The APA is moving beyond that image with a relentless focus on beginners and novice players. The handicap system assigns skill-level rankings to players based on their experience and number of wins. Five-member teams must recruit newcomers and have a diversity of skill levels to advance. “Teams can’t be loaded with top players,” Blanski said. “It keeps it fair.”


APA President Renee Poehlman.

Blanski added that the vast majority of beginners who enter the league stay there. The association also bills itself as a night out among friends, similar to the social nature of neighborhood bowling leagues. Teams have names like “Rack Pack,” “Cue the Duck,” “Beergoggles” and “Bloodbath Beyond.” “We sell fun, entertainment, my evening out with friends and, by the way, we happen to be playing pool,” said Poehlman, who became involved with the APA herself 20 years ago when her mom entered both of them into a league.

Getting into the billiards business is relatively simple, though a person’s entry fee varies greatly. The initial fee is $5,000 plus $100 for every 20,000 people in the territory. Thus, a big territory with 1 million people would cost $10,000. The estimated initial investment is up to $14,470.

League and tournament play takes place in locations throughout an area, including bars, pool halls and even church basements or recreation centers—“anywhere there’s a pool table,” Poehlman said. “The locations like it because we don’t charge a fee. All that we ask is that they help us build league activity.”

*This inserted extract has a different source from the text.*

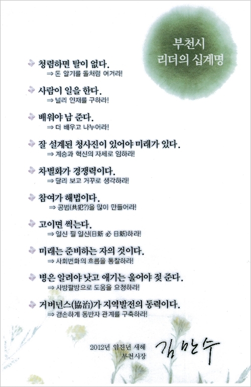 ±è¸¸¼ö ºÎõ½ÃÀåÀÌ 2011³âÀ» ¸¶¹«¸®ÇÏ´Â ½ÃÁ¡¿¡¼ °úÀå±Þ ÀÌ»ó °£ºÎ°ø¹«¿ø 110¸í¿¡°Ô ÇÑ ±ÇÀÇ Ã¥À» ¼±¹°Çß´Ù. ±è ½ÃÀåÀÌ ¼±¹°ÇÑ Ã¥Àº ·ù¶ûµµ ¾¾ÀÇ <Á¦´ë·Î ½ÃÄѶó>(½Ü¾ØÆÄÄ¿½º Æì³¿, 336ÂÊ) ÀÌ´Ù.
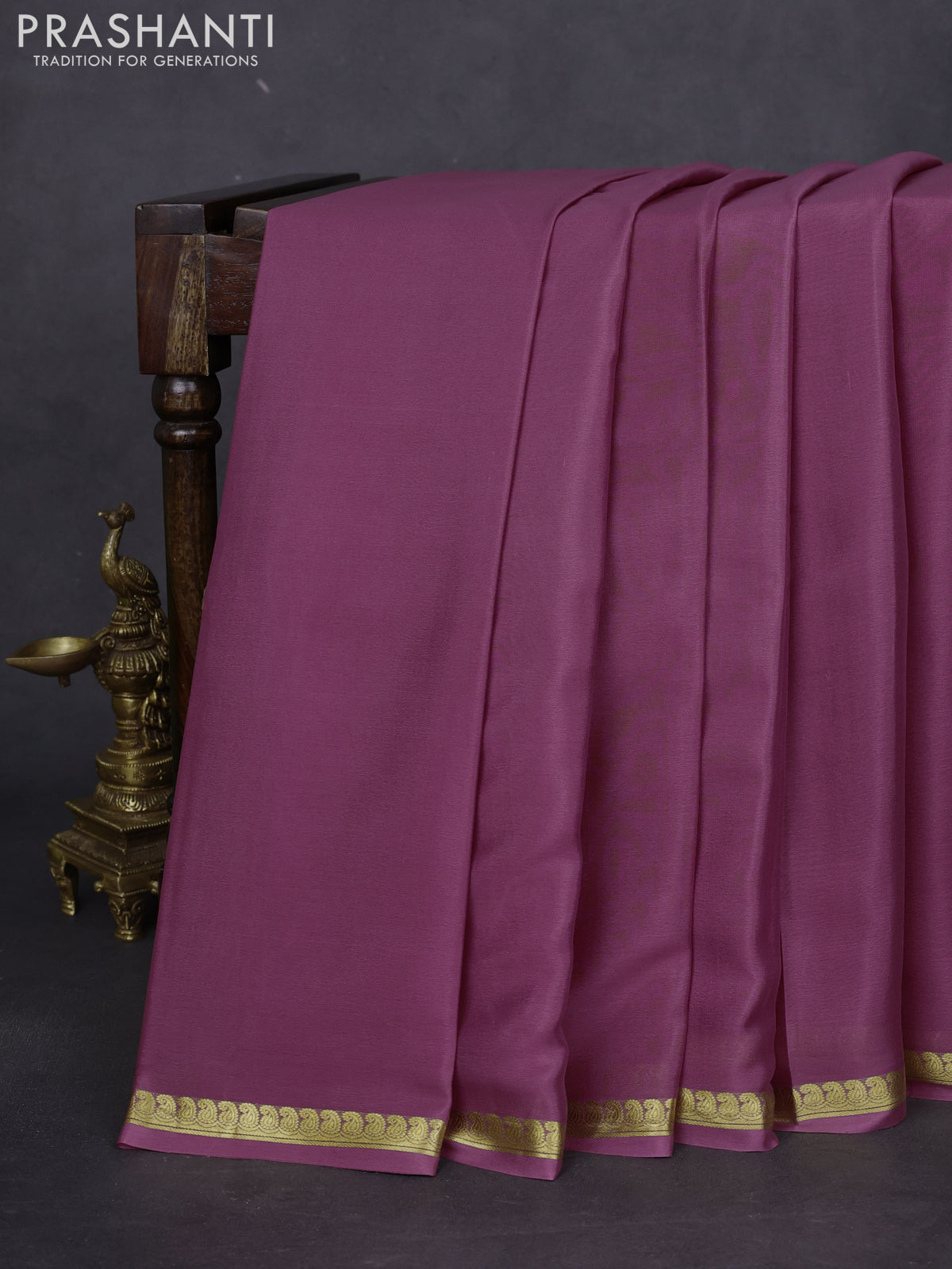 Pure mysore silk saree mauve pink with plain body and zari woven border

Franchises typically start out of the home and are commonly mom-and-pop type franchises. As they grow, bigger ones require offices and employees, but they are all small businesses. The largest franchisee, Terry Justice out of Baltimore, has 1,750 teams and a staff of 12 full-time workers, 22 people overall. His franchise is considered extraordinary not just because he has roughly 700 more teams than anybody else but because his company offers its workers health insurance.

A league operator can make a good living doing this, but it takes work. “It’s not a get-rich-quick operation,” said Justice. Yet, he added, “it can be lucrative if it’s run professionally.” Revenues depend on the number of teams a franchise can sign up. Teams pay between $25 and $50 per week to play, depending on the franchise. Thus, revenues depend on the number of teams a franchise can recruit—and thus potential revenue depends on the size of the market.

Funds are set aside for franchise fees, awards, tournaments and travel costs for the franchise’s teams to go to Las Vegas for the annual national tournament. If a franchise with 100 teams has $15 per team each week left over after all of its fees and expenses, a 40-week season could yield $60,000 in profit.

Blanski started his franchise in 2002, the same year he got married. Any profits his franchise earned during its first two years were pumped back into the company, he said, requiring his wife, Kerry, to keep her job in the mortgage business. With 114 teams the franchise now stands on its own. “If it wasn’t for (Kerry), I wouldn’t be here talking with you,” Blanski said.